Searching/inserting certain Unicode characters
Hello,
I have done some research on this and also posted a question on Usenet, but didn't get any replies and still have no solution. The problem seems to be somewhat unique :-(
I want to insert a certain character in a text or char field and I also want to search for it (as proof that it was correctly inserted).
The character is "no-break space" which can either be represented as char(160) or hex-code A0 or as U+00A0. Or, generally speaking, I want to know how I can insert or find characters by Unicode or a similar representation?
MySQL is 5.0.77 on CentOS 5.5. The field is text with varying collations.

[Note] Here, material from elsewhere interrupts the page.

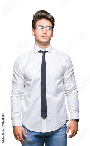 Young business man wearing glasses over isolated background smiling looking side and staring away thinking.

In this case it is utf8_roman_ci (for this specific use I want to replace all "?" characters in the table with "no-break space"+"?").

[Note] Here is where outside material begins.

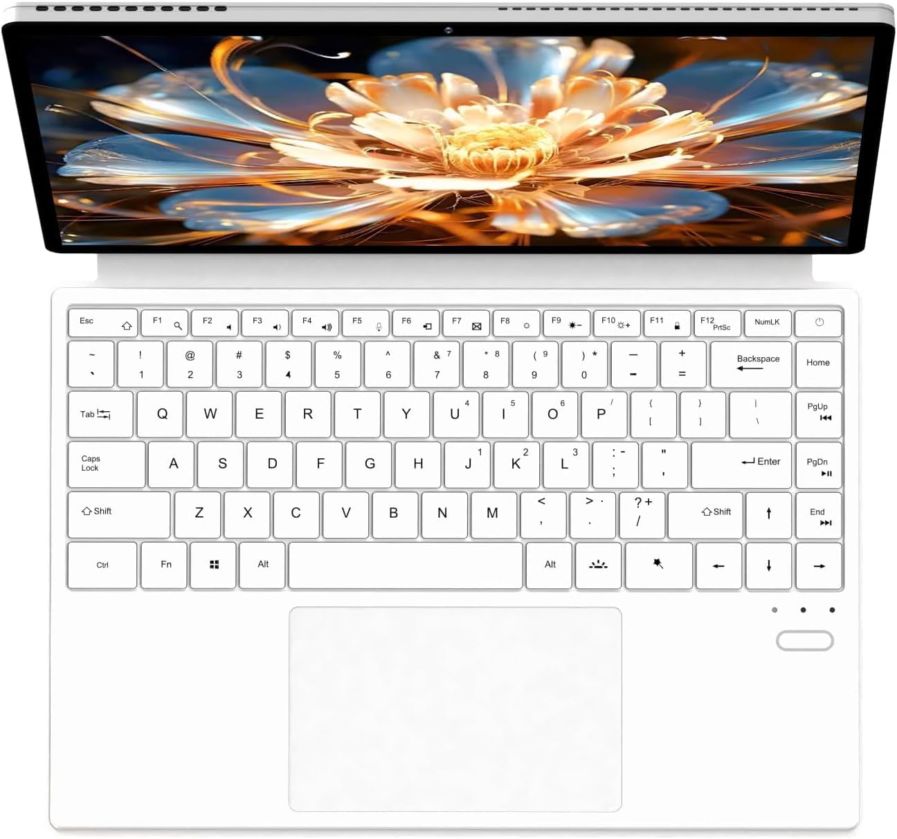 Tablet supports any angle fixation and comes with detachable backlit keyboard.

There is no problem inserting the character "manually" by either creating it in the input field in PHPMyAdmin or our PHP application with ALT+255 or creating it in Word with that key sequence and then copying it to the PHP application and saving it. The character is inserted correctly which I can prove by cutting it out in the PHP output and back to Word.

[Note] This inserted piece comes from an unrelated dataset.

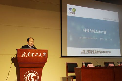 11月20日華特磁電董事長(zhǎng)、總裁王兆連先生,公司常務(wù)副總裁劉風(fēng)亮受邀赴武漢理工大學(xué)參加華特磁電獎(jiǎng)學(xué)金頒獎(jiǎng)儀式并分別作重要報(bào)告。校方高度重視,兩位院士及院校主要領(lǐng)導(dǎo)10余人熱情接待,并組織近四百名師生參加此次活動(dòng)。

What doesn't work is the insertion by REPLACE() nor a find operation with a REGEXP.
For instance, I tried
SET fr=REPLACE(fr, '?','x?')
where "x" was the character copied from Word. Or \u00A0 or \xA0. Non of this inserts the correct character. It either inserted a normal space (when I paste the character "as is" in) or throws an error or corrupts the text field.
I also tried things like
SET fr=REPLACE(fr, 'uniquestring',char(160))
or
SET fr=REPLACE(fr, 'uniquestring',CONCAT(char(160),'?'))
This cuts off all characters after the replacement position and doesn't insert the wanted character.
To simplify the whole thing I went to trying with "simple" letters, e.g. a "C" = \u0043. Let's call the Unicode representation "\unnnn". No dice.
I'm also trying to do the opposite, e.g. find a character by using the Unicode or hex representation.
SELECT * FROM col WHERE (fr LIKE '%\unnnn%')
or
SELECT * FROM col WHERE (fr REGEXP '\unnnn')
Doesn't work, too.
I can't find anything on this topic in the MySQL documentation, but I hope there *is* a distinct way to search and insert such characters with some Unicode representation.
Thanks!
Edited 2 time(s). Last edit at 02/14/2011 09:52AM by Kai Schaetzl.